**Information provided**

══════════════════════════════

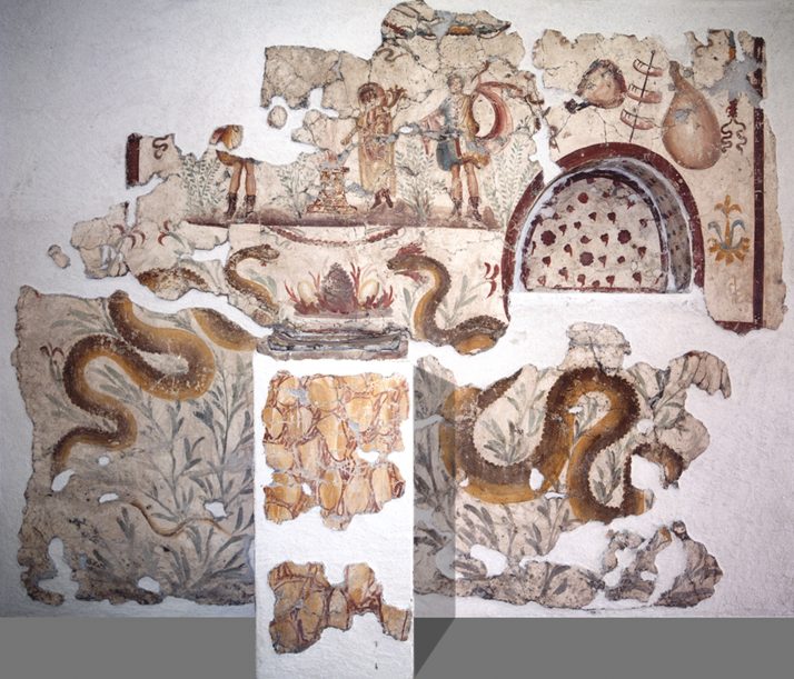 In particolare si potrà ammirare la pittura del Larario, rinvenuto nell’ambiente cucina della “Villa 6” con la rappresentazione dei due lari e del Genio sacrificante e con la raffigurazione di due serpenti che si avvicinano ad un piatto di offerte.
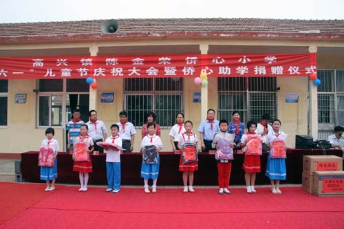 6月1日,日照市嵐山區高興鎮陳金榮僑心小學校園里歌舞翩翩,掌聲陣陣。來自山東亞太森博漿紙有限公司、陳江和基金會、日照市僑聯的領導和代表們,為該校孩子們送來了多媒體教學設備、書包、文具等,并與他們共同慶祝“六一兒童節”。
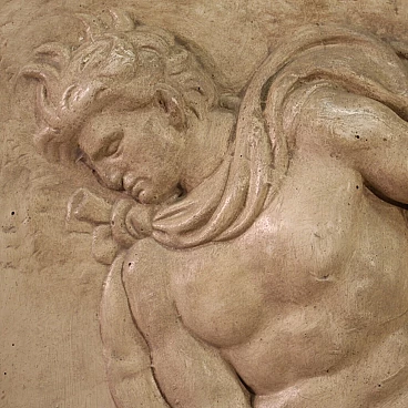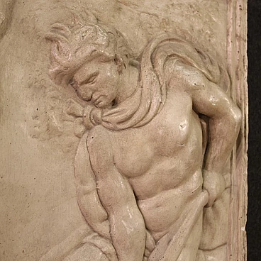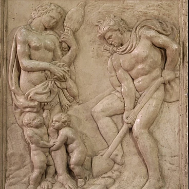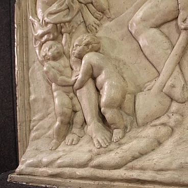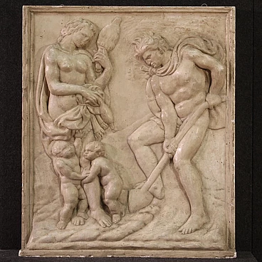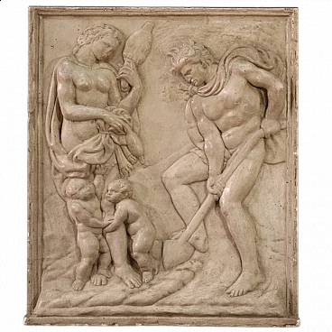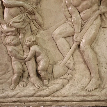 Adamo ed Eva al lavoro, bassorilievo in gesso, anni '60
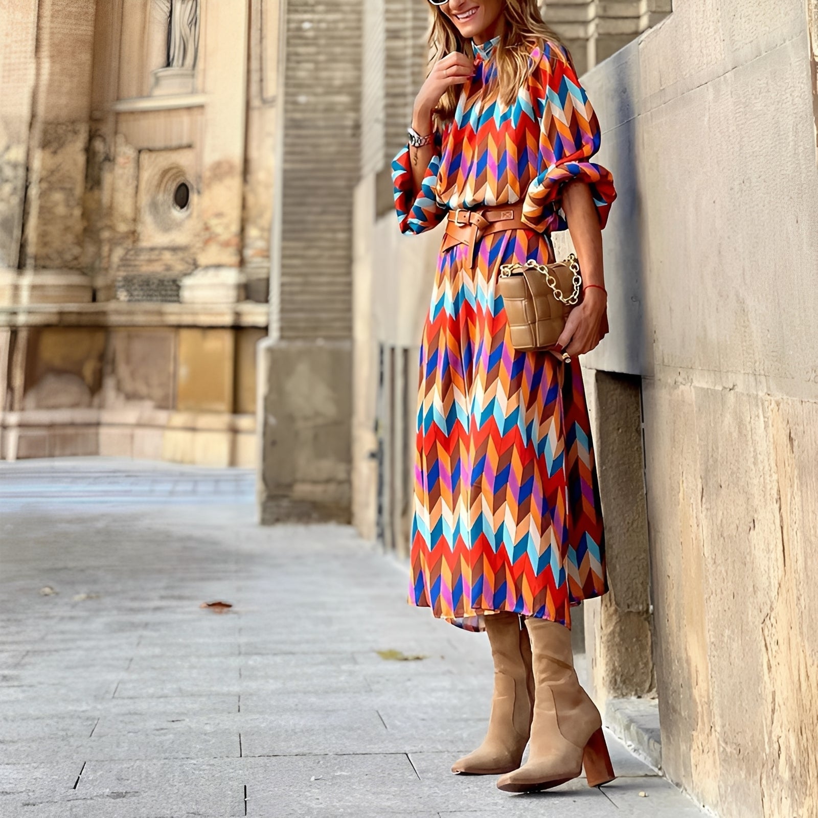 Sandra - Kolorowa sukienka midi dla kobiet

══════════════════════════════

Please repeat the listing above word for word, with the pictures removed.

 In particolare si potrà ammirare la pittura del Larario, rinvenuto nell’ambiente cucina della “Villa 6” con la rappresentazione dei due lari e del Genio sacrificante e con la raffigurazione di due serpenti che si avvicinano ad un piatto di offerte.
 6月1日,日照市嵐山區高興鎮陳金榮僑心小學校園里歌舞翩翩,掌聲陣陣。來自山東亞太森博漿紙有限公司、陳江和基金會、日照市僑聯的領導和代表們,為該校孩子們送來了多媒體教學設備、書包、文具等,并與他們共同慶祝“六一兒童節”。
 Adamo ed Eva al lavoro, bassorilievo in gesso, anni '60
 Sandra - Kolorowa sukienka midi dla kobiet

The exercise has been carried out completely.